You might notice that occasionally your dog will give vomit the sniff, but doesn’t eat it. If she does dive into it could have something to do with depend on how digested products of her stool are. If the food remains fairly intact, it’s more appealing. If the food has been disintegrated, or if the vomit is mostly made up of bile, it might not appear as appealing. Of course, if the pet is sick it is likely that she won’t show any desire to eat any additional food.
Eating Vomit is Natural
Another theory as to the reason dogs take their vomit and eat it? It’s their nature!
Regurgitation is a normal element of weaning for dogs that roam the streets. Mama dogs will chew their meals and then swallow it to their pups. Imagine it as “bridge food” between mother’s milk and food that is solid.
Regurgitating in young animals is more prevalent for wild animal species (like the mother wolf and her puppy in the above video) domestic dogs can do it too. It’s believed to be an instinctual maternal role.

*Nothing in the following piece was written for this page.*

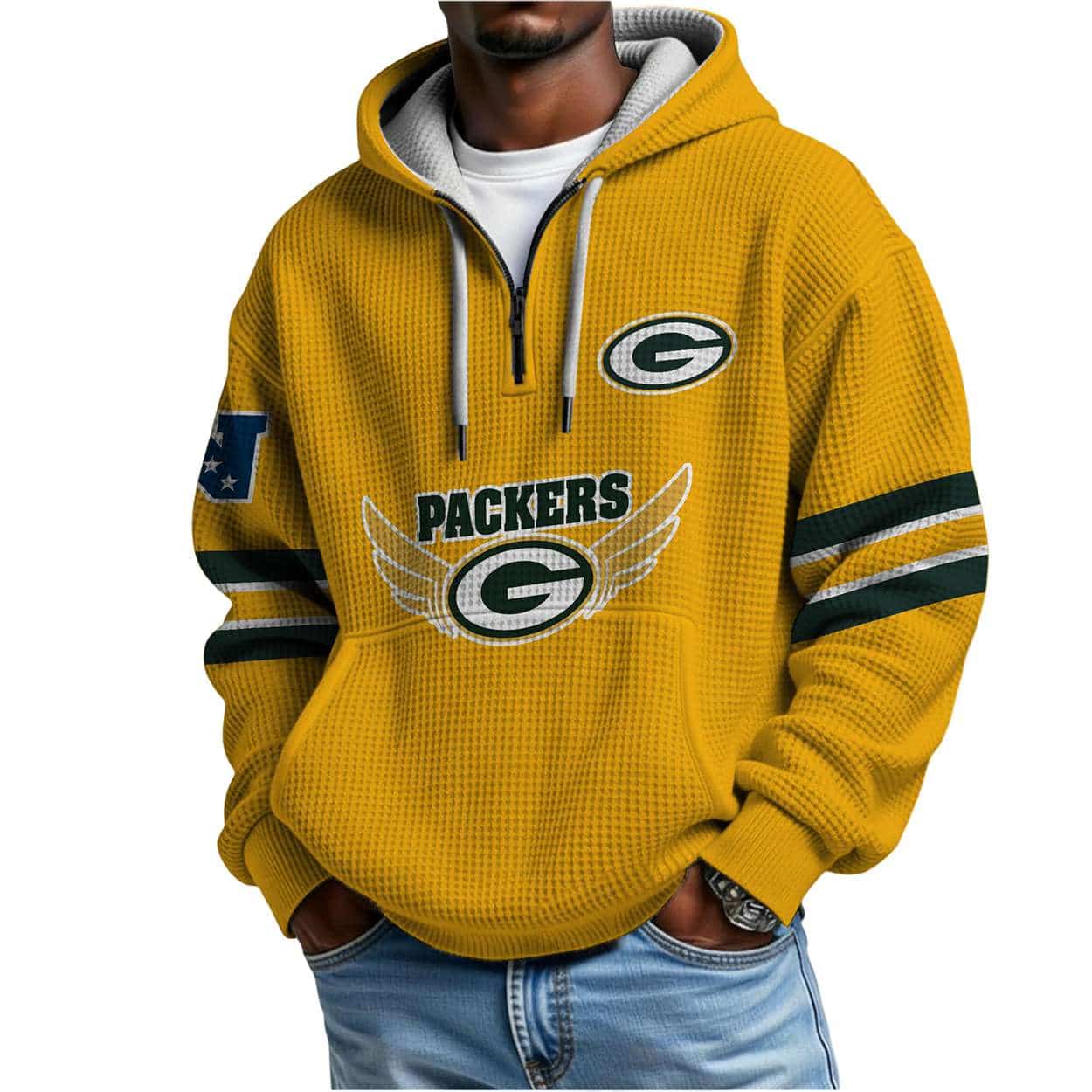 Green and gold stripes evoke unity among fans who’ve weathered seasons together. This hoodie isn’t just apparel—it’s a tribute to shared memories, historic wins, and the enduring heartbeat of Lambeau Field’s frozen tundra.
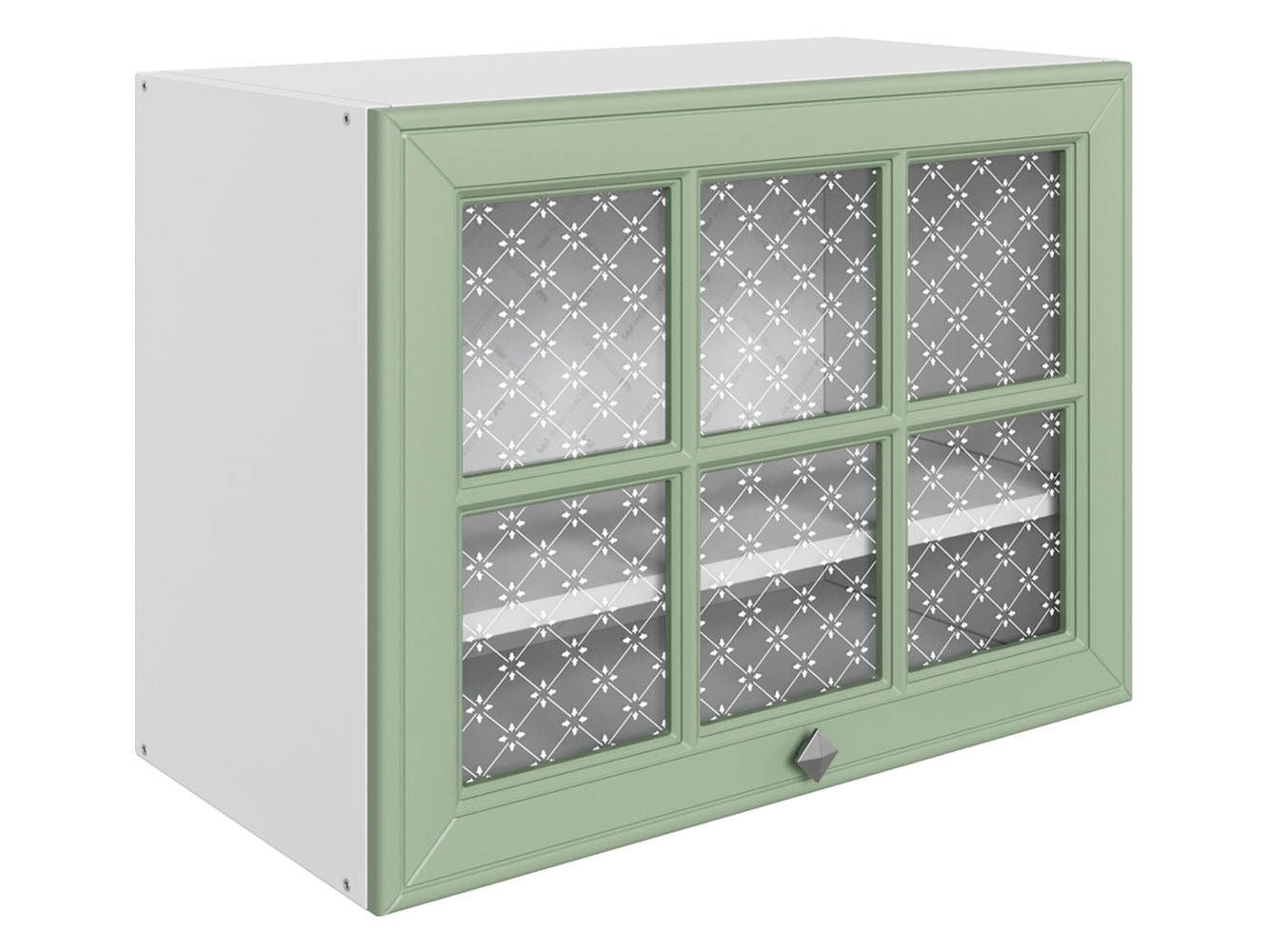 Навесной шкаф Мишель — отличный способ освежить внешний вид кухонного гарнитура. Благодаря прозрачному стеклу с очаровательным узором модуль смотрится легко и невесомо. Внутри можно красиво расставить посуду для сервировки, вазы и бокалы.

Of obviously, a dog who eats their own vomit is distinct than a puppy who is fed by their mother, but veterinarians think that puke eating could be an ancestor of that instinctual behavior. If you consider it, it’s adorable that your dog is eating his own vomit…right?
When to Take Dog Vomit Seriously
It’s funny (and disgusting) when dogs consume their own urine or occasionally have small instances of regurgitation or vomiting are common. If your dog vomits then give her a glass of water and observe her for a few minutes. If she’s at her usual energy level and behaves as if there was nothing wrong, then it’s not something to worry about.
However vomiting that is frequent or chronic could be an indication that something is more severe. If your dog has a habit of vomiting following meals, it could be due to food sensitivities. It could also signal more serious digestive problems, and persistent regurgitation could be an indication of an esophageal disorder.